No, all German Shepherd puppies aren’t born black, but many of them are. German Shepherd puppies can be born black, white, or grey.
For the first few weeks of their lives, these pups may be one solid color. Other shades may have not appeared on their coat or they aren’t readily visible. As the dogs get older, though, their coats will begin to change in some shape or form.
Will My German Shepherd Puppy Change Colors?
Most German Shepherd puppies will change color. This transformation takes place at around 8 weeks. If you want to know what color German Shepherd you’re getting for sure, it is best to wait until the puppy is older before making your choice.
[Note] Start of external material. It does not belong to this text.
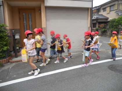 2年生の生活の学習で町たんけんに行きました。事前にどんなところに行きたいかを話し合ったり、どの道を通るかを地図で確認したりしてから行きました。

Every German Shepherd is different. Most will come into their final coat by the time they are 2 months old. The coats of some dogs may continue to change throughout their puppyhood, only coming in when they are around 2 years old.
Can You Find a Breeder for Specific Colors?
Most reputable breeders will not breed with a particular color in mind. This is because they focus on health and physique rather than coat color. What’s more, trying to breed certain rare colors can increase the risk of genetic disorders in German Shepherds.
As tan and black German Shepherds are the most common and sought after, many breeders will choose to breed two dogs of these colors together.
Unless previous genetic testing is done, a breeder has no way of knowing what dominant or recessive genes each dog carries. Due to this, they can’t predict which genes will be passed down onto their puppies.
This is why you will often find surprises in any litter, with one or more puppies being a completely different color to the rest of their littermates.
There are many ways to predict what color your German Shepherd puppy may be. From genes to variations, there is a lot to learn. Once you figure it all out, you will be one step closer to making an educated guess.